This leads My conclusions to see a need for 15 amp minimum for any power boards. Second I am creating a design parameter that gives a safe zone .. I want to run my motors at 50% capacity - the power boards at about 50% capacity... I have matched and balanced my design work so as not to be operating any one component at or near it's maximum load range, but more in the 50-60% range to reduce long term heat build up and prolong component life overall! This lead to a 30-35 amp ESC in the SD60T which has worked well so far. 

All while pulling 100 cars all day with one loco... 

So I want more decoder for .... more pulling power,... not for the same load !! 

Ironically, during the time I have spent on this portion of My project I have come to see results that indicate to me My 'theory' may have been flawed... 

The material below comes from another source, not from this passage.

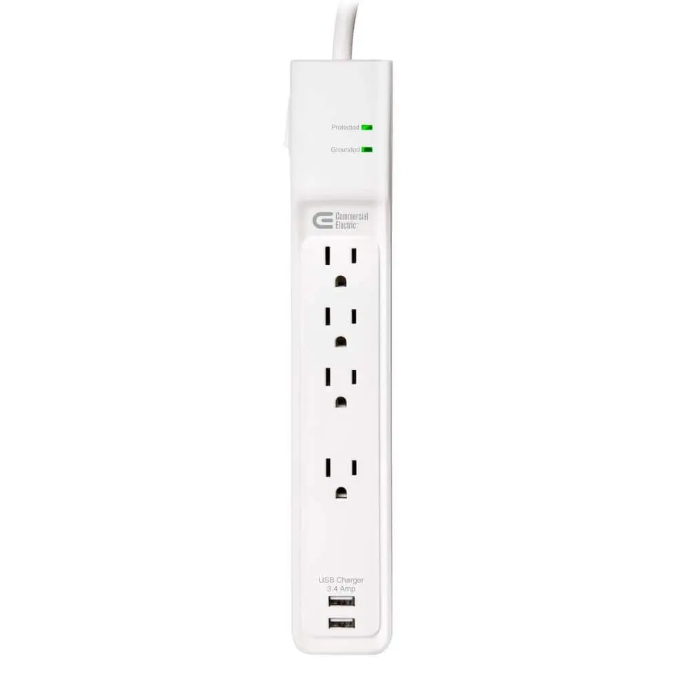 The CE 4-Outlet USB Power Strip Surge Protector is perfect for protecting home and office electronics. It features 2 USB charging ports, a widely-spaced outlet for large AC plugs, and a 4 ft. cord. Ideal for safeguarding devices like computers, phones, printers, stereos, and more, the 3.4 Amp USB ports keep tablets, smartphones, and other electronics charged and ready.

I made the assumption that 2x H.P. would pull 2x cars!! 
I now see that to do this, I also need 2x the loco weight....! A rather exciting conclusion, 
As My red 70 now weighs a hefty 19.5 pounds, it would be impossible to have the same loco weight become 38-40 pounds...!!!!! 
Plus there is the run time cut in 1/2 with a given battery pack size, with out consideration given for extra battery power someplace??? 

It has been a good learning experience, but may not be truly practical in practice. I will keep My running example of the SD60T for further testing and thought, but may not build anymore in that 4 motor family! Still interested in how it runs long term and anything I may have missed to date. Pulling with more power may show something I do not see at this point in time. 

As for Matt's loco, it most likely will not be over worked in the end. So board consideration may change, currently Matt is set on the upcoming new board from AirWire, choosing to stay in the same family as His other current loco boards... 

Dirk - DMS Ry.


----------



## Greg Elmassian (Jan 3, 2008)

Based on your goals, and decision to use the USAT motors, I would recommend 2 decoders.... and get the 10 amp ones, and have the fans as the manufacturer recommends. 

Yeah, you will also need more weight, of course depending on grades, but I'd be looking in the 20 to 25 pound range. 

Oh, so Matt is stuck on the AirWire, too bad ha ha!. That will limit the current output capability. I would expect to fan cool the AirWire board, but you will definitely not be able to "over engineer" the capability with that setup.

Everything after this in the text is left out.